Output, verbatim and without pictures, the lines from the first line of the listing through the line containing "美的(Midea)双子座分区洗衣机 迷你小型全自动脱水内衣裤袜台式波轮双桶 高温煮洗除菌除螨".

◆ Dataset section ◆

☆ ☆ ☆

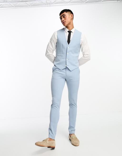 ASOS DESIGN wedding super skinny suit vest in pale blue Very well made.
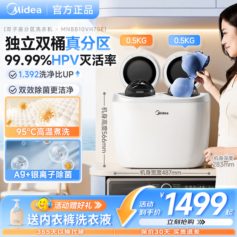 美的(Midea)双子座分区洗衣机 迷你小型全自动脱水内衣裤袜台式波轮双桶 高温煮洗除菌除螨 洗袜子机内裤机 双桶分区洗-MNBB10VH70E 双缸 1kg
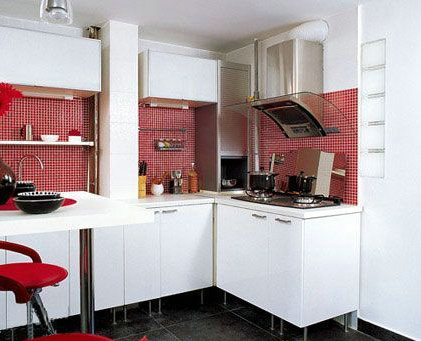 廚房工業(yè)感濃重的拼接墻面與同風(fēng)格的石塑板地面和諧統(tǒng)一。墻上架起的白色桌板,兩旁擺放的紅色吧凳,立刻劃分出快捷便利的用餐區(qū)。墻的另一側(cè)便是洗手臺,設(shè)計師劉東新在這里將整個洗面盆的線條,一再上揚提升,形成了一個大大的L形,以此增加了空間的向上進(jìn)深感。設(shè)計師的這個設(shè)計,巧妙地彌補了整個區(qū)域帶給人的狹窄感,呈現(xiàn)出了空間的多樣性變化。 |
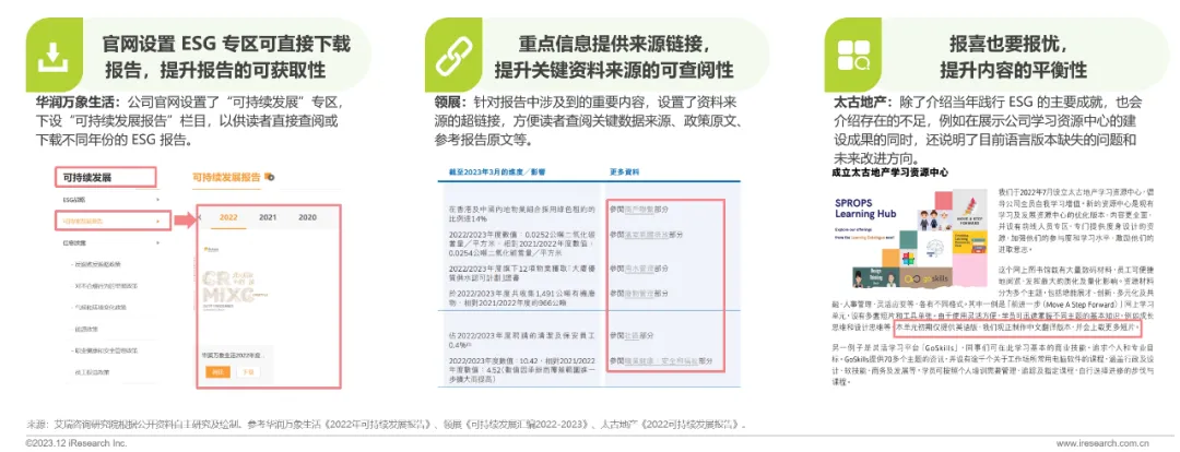 ESG 专项报告的最终目的是把企业内外繁多的 ESG 相关的信息以透明公开的方式向社会各界利益相关者披露,因此透明度是衡量优秀的 ESG 报告的重要标准。目前仍有不少商贸零售企业的 ESG/CSR 专项报告不能直接在官网上下载,影响了报告的可获得性。可以借鉴领先企业的做法,通过增加政策资料的出处、披露 ESG 实践有待提升的事项,来进一步提升报告的信息透明度,增进报告的公信力。

☆ ☆ ☆

◆ Response area ◆
 ASOS DESIGN wedding super skinny suit vest in pale blue Very well made.
 美的(Midea)双子座分区洗衣机 迷你小型全自动脱水内衣裤袜台式波轮双桶 高温煮洗除菌除螨 洗袜子机内裤机 双桶分区洗-MNBB10VH70E 双缸 1kg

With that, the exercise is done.